(Maiduguri) Au moins 43 agriculteurs ont été tués par Boko Haram dans l’État du Borno, dans le Nord-est du Nigeria, où se déroulent samedi les premières élections locales organisées depuis le début de l’insurrection djihadiste en 2009.
« Nous avons retrouvé 43 corps sans vie, tous ont été égorgés, et six personnes gravement blessées », a déclaré Babakura Kolo le responsable d’un groupe d’autodéfense progouvernemental.
« C’est sans aucun doute l’œuvre de Boko Haram qui opère dans la région et attaque fréquemment les agriculteurs », a estimé M. Kolo qui a participé à l’évacuation des victimes.
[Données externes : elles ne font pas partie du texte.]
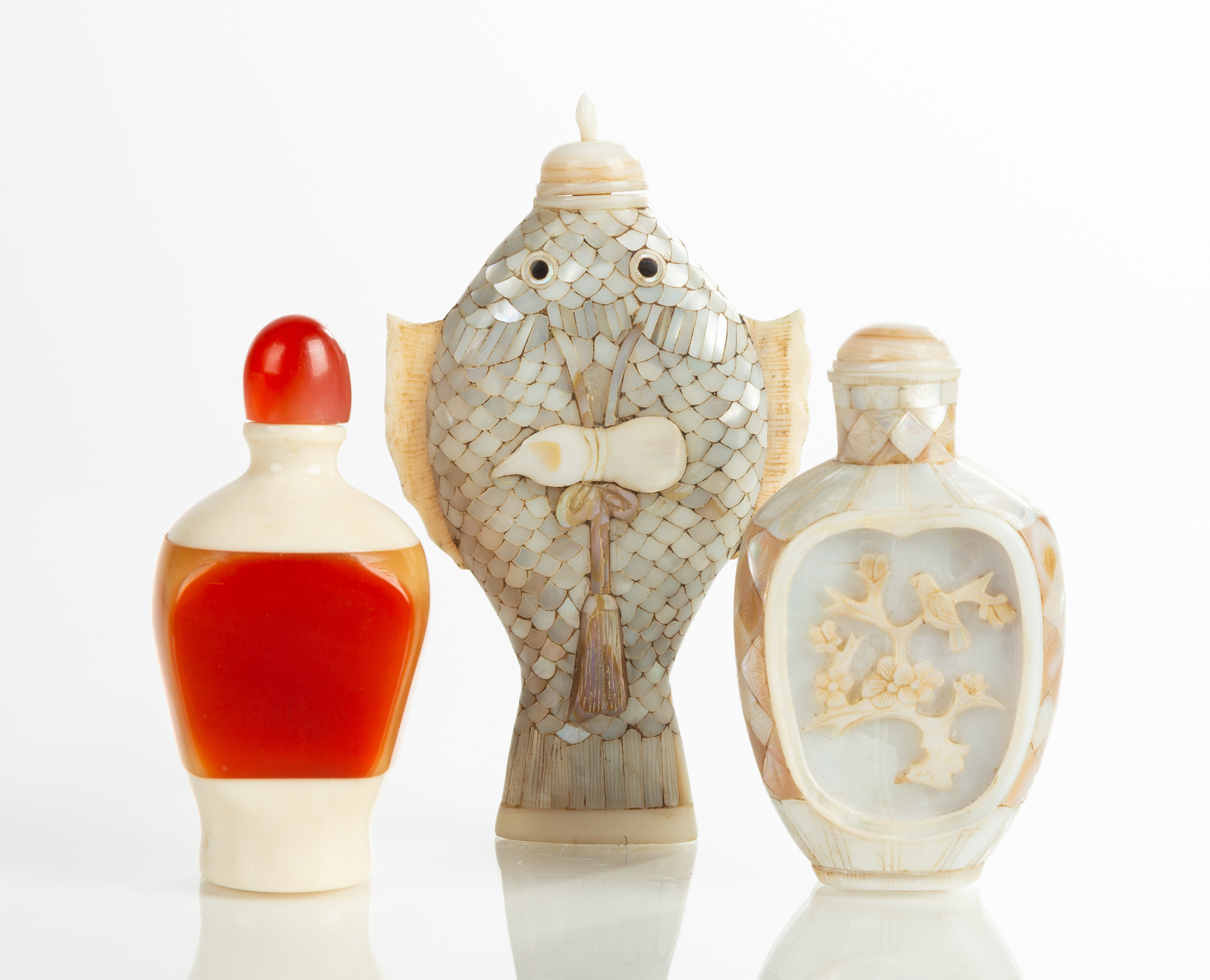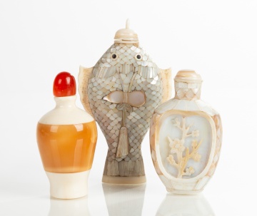 | Lot #: 35 Mother of Pearl & Amber Snuff Bottles |

Cette attaque s’est produite dans une rizière située à moins de dix kilomètres de Maiduguri, la capitale de l’État du Borno. Le mois dernier, 22 agriculteurs avaient déjà été tués dans leurs champs, situés non loin de cette ville.
« Soixante ouvriers agricoles ont été engagés pour récolter le riz dans ce champ. Quarante-trois ont été abattus, et six autres blessés », a confirmé à l’AFP un autre milicien, Ibrahim Liman.
Huit agriculteurs sont portés disparus et présumés kidnappés par les djihadistes, a ajouté cette source.
Les corps des victimes ont été transférés dans le village de Zabarmari, à deux kilomètres de la rizière. Ils seront enterrés dimanche, selon un de ses habitants, Mala Bunu, qui a pris part aux opérations de secours.
Cette attaque intervient le jour des élections des représentants et conseillers régionaux des 27 circonscriptions de l’État du Borno.
Ce scrutin avait été mainte fois repoussé depuis 2008, Boko Haram, et sa faction rivale, le groupe État islamique en Afrique de l’Ouest (Iswap), ayant multiplié les attaques meurtrières : ils contrôlent depuis une partie du territoire.
Dans cinq circonscriptions situées sur les pourtours du lac Tchad, zone contrôlée par le groupe Iswap, les habitants ont voté ce samedi loin de chez eux, à Maiguguri.
C’est dans cette ville et sa périphérie que des centaines de milliers de personnes ont trouvé refuge dans des camps de fortune après l’attaque de leurs villages par des djihadistes.
Environ 2 millions de personnes ont du fuir leur domicile depuis le début du conflit en 2009, qui a fait plus de 36 000 morts.
« C’est mon devoir de venir et de voter pour les représentants et les conseillers régionaux, car ils sont les responsables de ma localité », a déclaré à l’AFP Bukar Amar, un déplacé du conflit qui a voté pour sa localité depuis le camp de Bakassi.
Déplacés sans ressources
« Jusqu’ici, les élections se sont bien déroulées et nous espérons que tous les électeurs pourront glisser leur bulletin dans l’urne avant la fermeture des bureaux », a déclaré en milieu de journée Abdulrahman Bulama Ali, un responsable des élections dans ce camp.
Depuis plusieurs mois, les autorités ont encouragé les personnes déplacées à retourner dans leur village, affirmant qu’il n’était plus possible financièrement de les prendre en charge, les déplacés dépendant presque entièrement de l’aide humanitaire pour survivre et n’ayant ont plus accès à leurs champs.
Un nombre important de déplacés ont ainsi regagné leurs villages, pourtant ravagés par les violences.
« Nous voulons retourner chez nous, et ces élections locales sont pour moi un grand pas », avait déclaré M. Bukar, en milieu de journée.
Les attaques ciblent de plus en plus fréquemment des bûcherons, éleveurs et pêcheurs. Ils les accusent d’espionner et de transmettre des informations aux militaires et milices qui combattent les violences djihadistes dans la région.
Le conflit qui dure depuis plus de dix ans a créé une crise humanitaire dramatique, récemment aggravée par de mauvaises récoltes et les restrictions liées au coronavirus.
« Nous avons enregistré des niveaux d’insécurité alimentaire similaire à ceux de 2016-2017, au pic de la crise humanitaire, lorsque le risque de famine menaçait le nord-est », a déclaré en novembre le coordinateur humanitaire de l’ONU au Nigeria, Edward Kallon.
Environ 4,3 millions de personnes ont été victimes d’insécurité alimentaire en juin 2020, durant la période de soudure. L’ONU prévoit que ce chiffre augmente de 20 % l’année prochaine à la même saison.